I’ve only been there twice before. The first time was for their first ever bioblitz in 2015. Then, I visited with some friends in 2016. A lot has transpired in the last ten years. A few months after my last visit, my daughter was born. Nearly a decade later, it seemed very appropriate and comforting to have been invited back for a mini bioblitz. I couldn’t wait to return.
The bioblitz took place on a Sunday morning, but I arrived Saturday afternoon. I hiked Sandy Hollow, the newest addition to the preserve. This acreage serves as a buffer for the wetlands but is in itself an absolutely stunning landscape. As soon as I exited my car, I was greeted by the most luxuriant display of wild lupine I might have ever seen. Interspersed between were brilliant yellow hairy puccoon, cream wild indigo, and dainty blue-eyed grass. The air smelled so good. Working my way into the woodlands at the bottom of a hill, I saw lots of woodland phlox and huge swaths of blooming mayapple. The overall herbaceous layer was lush - lots of young budding plants and fresh green wood nettles. There were songbirds aplenty; over a dozen species by my calculations, plus glimpses of bald eagles and turkey vultures through the gaps in the canopy. Mosquitoes were abundant but they were not (yet) interested in blood.
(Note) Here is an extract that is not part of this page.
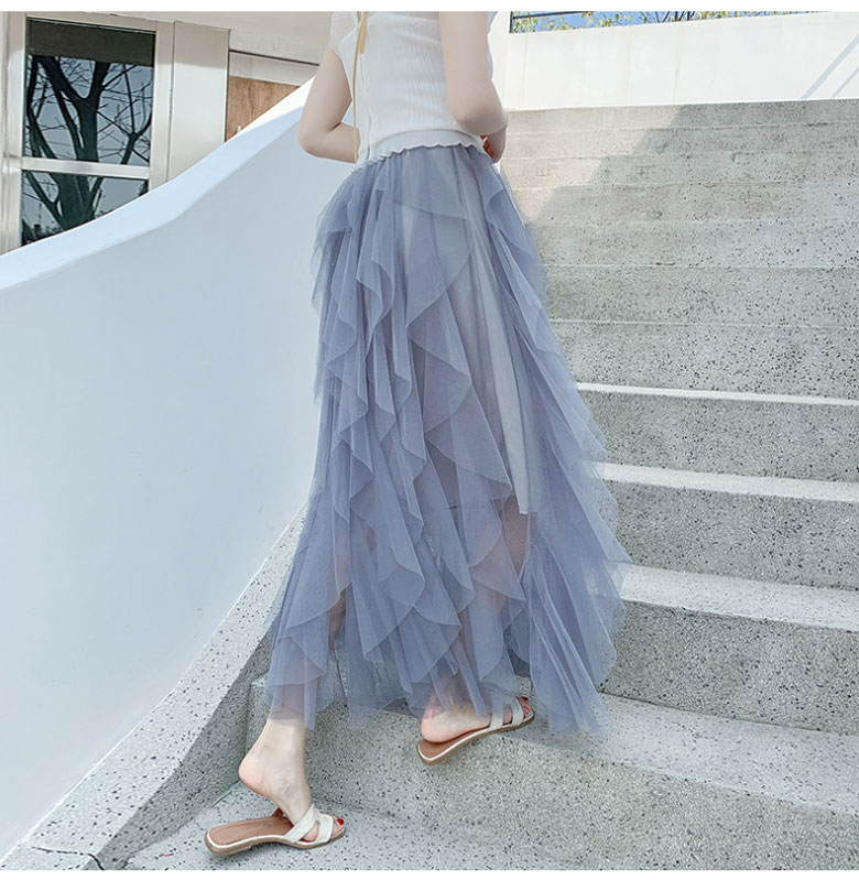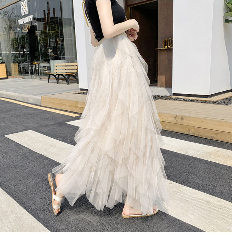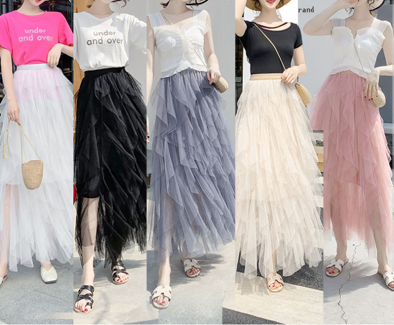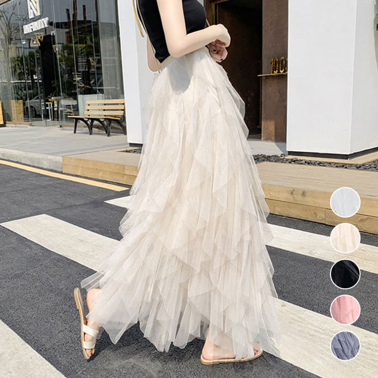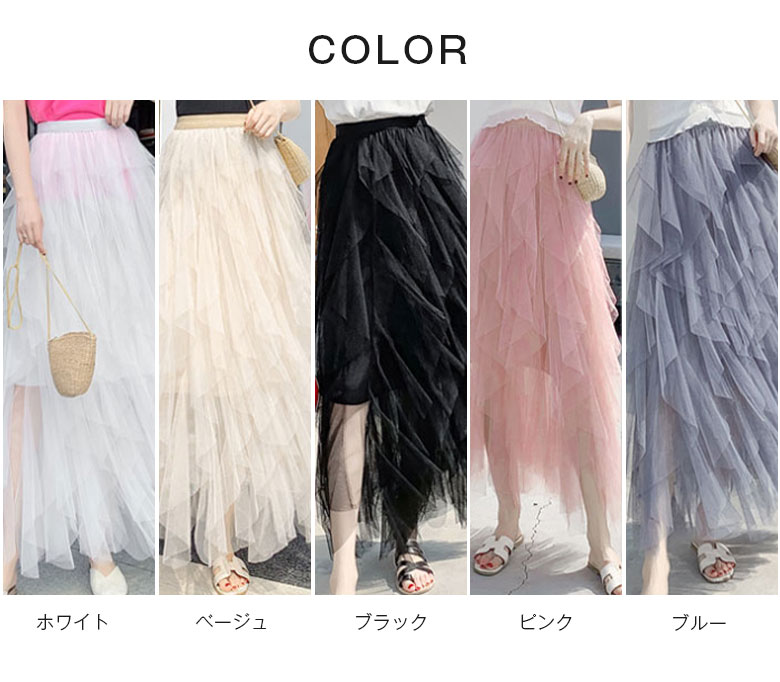1B22 メッシュスカート マキシ丈 ボトムス スカート 通販 ホワイト ベージュ ブラック ピンク ブルー

After camping out in my vehicle overnight at the farmhouse, I awoke to a fresh morning and decided to take a walk along the much improved levee. The last time I was on the levee, it was so muddy that one of the vehicles we used was stuck until a tractor came and got it out. Today, the levee is paved in a dry layer of crushed limestone. I enjoyed the quiet morning, but from a distance I could see some commotion at the farmhouse and I knew the bioblitz preparation was buzzing. Shortly after I returned to the farmhouse, Tom Anton arrived. Then a nice surprise - Trevor Edmonson, formerly of the Wetlands Initiative and now of the Nature Conservancy, arrived. It was like a mini reunion of that memorable bioblitz from 2015.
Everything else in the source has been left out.